Organisations in the Asia-Pacific region are poised to 'significantly increase' their investments in machine learning (ML) in the coming one to three years, according to research by global data and technology company Experian.
According to the study, conducted by Forrester Consulting, 69% of organisations that are already using ML plan to significantly increase investment in their ML capabilities, reflecting how the technological advancement is helping organisations improve access to financial services, reduce risk, and accelerate automation.
As ML has become a driver of financial inclusion and sustainable growth, finance leaders must look into how it is enabling organisations to expand access to financial services for underserved segments, particularly thin-file and underbanked consumers.
Experian says ML models allow for more accurate assessments of eligibility, helping providers make fairer, more inclusive decisions by incorporating richer, alternative data sources.
Research shows that 64% of ML adopters agree that the technology enables them to widen access to financial services, responsibly serving new customer segments that traditional scorecards often exclude.
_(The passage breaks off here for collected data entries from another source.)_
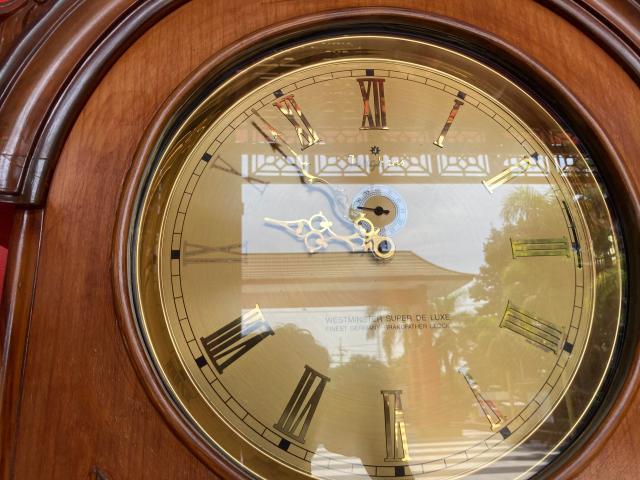 碑文の横にはマジモンの機械式振り子時計。ここで時計好きの僕がまたまた大興奮。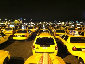 Sure enough, the line of empty cabs waiting to head out of that line can be big and slow to move, leaving the occasional crazy cabdriver to hop up on his cab and take in the scene, out of sheer boredom. It’s like any other Taxi line, with a dispatcher and a “FIFO” (first in, first out) rule but the trick is figuring out how long it will take to get out. During Rush Hours, rainy days, or busy travel periods, it can quick and worth the driver’s time. Otherwise, I can catch 3/4th of a sporting event on the radio before I have to wake up, start the engine and pull out. Who doesn’t like saving on gas? Probably the same person who wants to wait around while at work. Yup, it’s just that exciting…
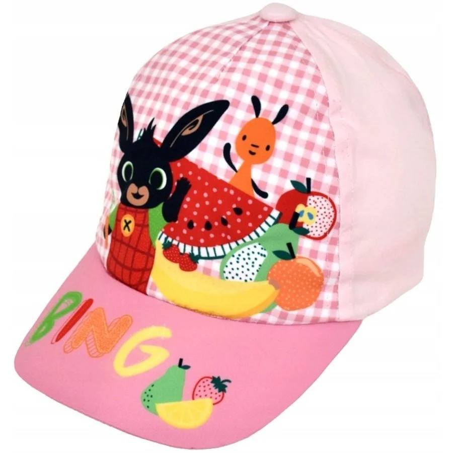 Dívčí baseballová čepice Zajíček Bing. Přední stranu kšiltovky zdobí obrázek zajíčka Binga, jeho pečovatele Flopa a spousta ovoce. Zadní strana čepice a spodní část kšiltu je světle, středně, nebo tmavě růžová - viz výběr barvy a velikosti. Ze zadní strany je nastavovací pásek se suchým zipem. Čepice je vyrobená ze 100% bavlny, materiál obrázkového potisku je 100% polyester.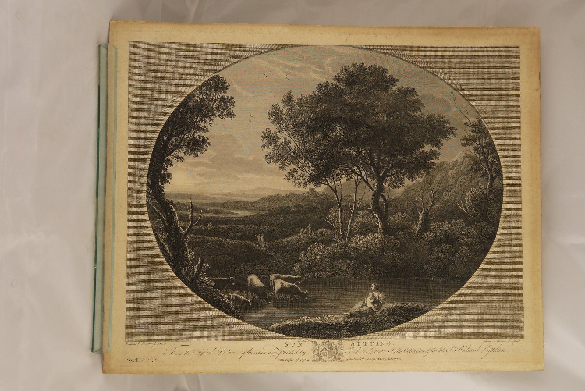 Sun Setting: copper engraving printed by John Boydell in 1771,after the original Picture painted by Claude le Lorrain n the collection of the late Sr. Richard Lyttelton. Vol: II. No. 42. Engraved by James Mason.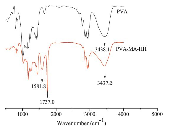 The porous structure of PVA and PVA-MA-HH can be observed in the scanning electron microscopy (Fig. 1). But compared with PVA,PVA-MA-HH surface was more rough, which could be explained by the graft polymers and modified function groups.
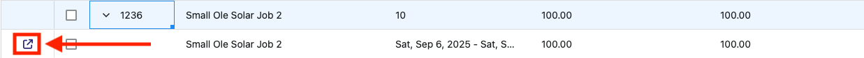 For a more detailed view of each job, click the rightward facing chevron next to the job number of a job (as indicated by the red box and arrow in the image below).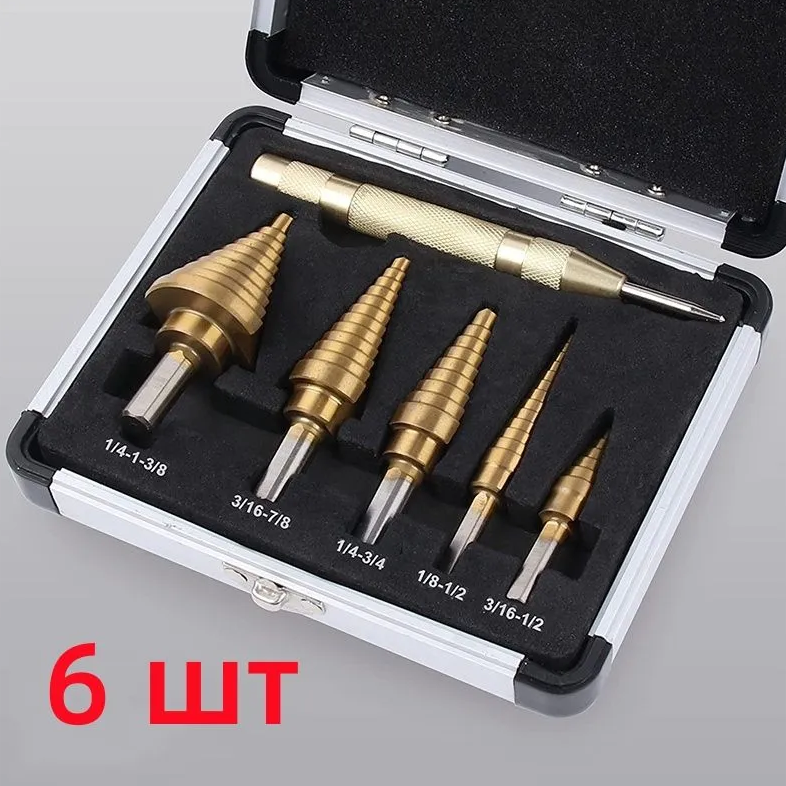 Набор ступенчатых сверл по металлу с титановым покрытием в кейсе 6 шт информация:

At the same time, 69% of respondents report that ML improves profitability by enhancing risk prediction and reducing bad debt, making the technological advancement a strategic asset for organisations aiming to grow sustainably.
Aside from this, the study reveals automation, efficiency and cost saving are top ML benefits, with 68% of ML users citing improved risk prediction accuracy and operational efficiency as the most significant advantages of ML.